• **WHAT YOU WILL DO**
Repeat everything in the listing exactly, except for the images.

• **DATASET SECTION**
____
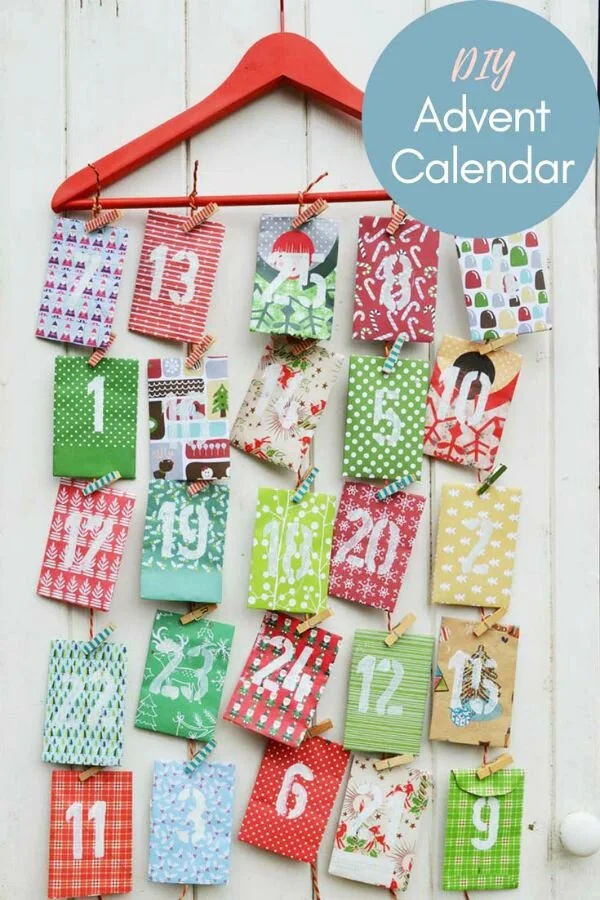 Pas besoin d’un design figé. Écris les chiffres au feutre, colle des stickers, tamponne à l’encre rouge ou dorée… Tu peux même remplacer 4 numéros par les lettres du mot « NOËL », à ouvrir chaque dimanche de l’Avent !
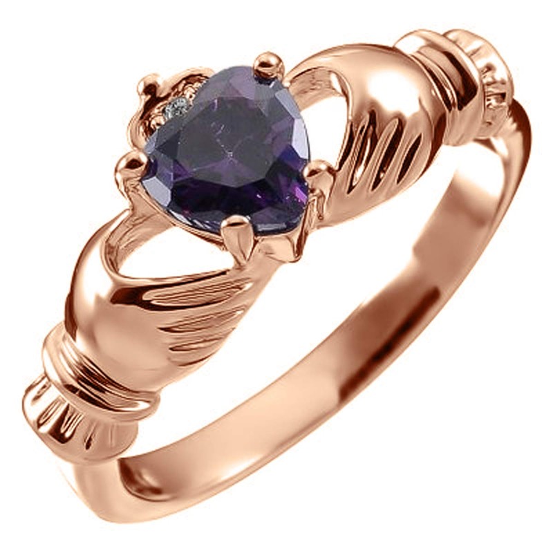 GWG Jewellery 18K Rose Gold Coated Claddagh Love Ring with Amethyst Purple Heart Stone, Hands, and Crown – 5 in Gift Box for Women
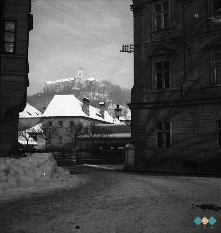 Pogled na Ljubljanski grad z vogala Trga francoske revolucije.
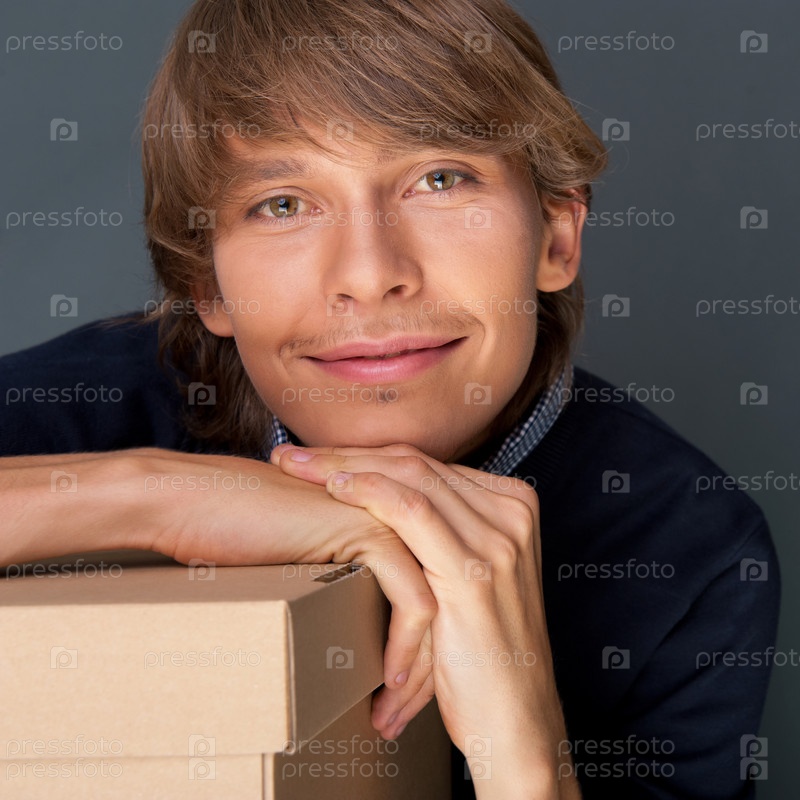 Портрет молодого мужчины с коробкой на фоне серой стены. Он начинает новую жизнь
____
• **RESULT**
 Pas besoin d’un design figé. Écris les chiffres au feutre, colle des stickers, tamponne à l’encre rouge ou dorée… Tu peux même remplacer 4 numéros par les lettres du mot « NOËL », à ouvrir chaque dimanche de l’Avent !
 GWG Jewellery 18K Rose Gold Coated Claddagh Love Ring with Amethyst Purple Heart Stone, Hands, and Crown – 5 in Gift Box for Women
 Pogled na Ljubljanski grad z vogala Trga francoske revolucije.
 Портрет молодого мужчины с коробкой на фоне серой стены. Он начинает новую жизнь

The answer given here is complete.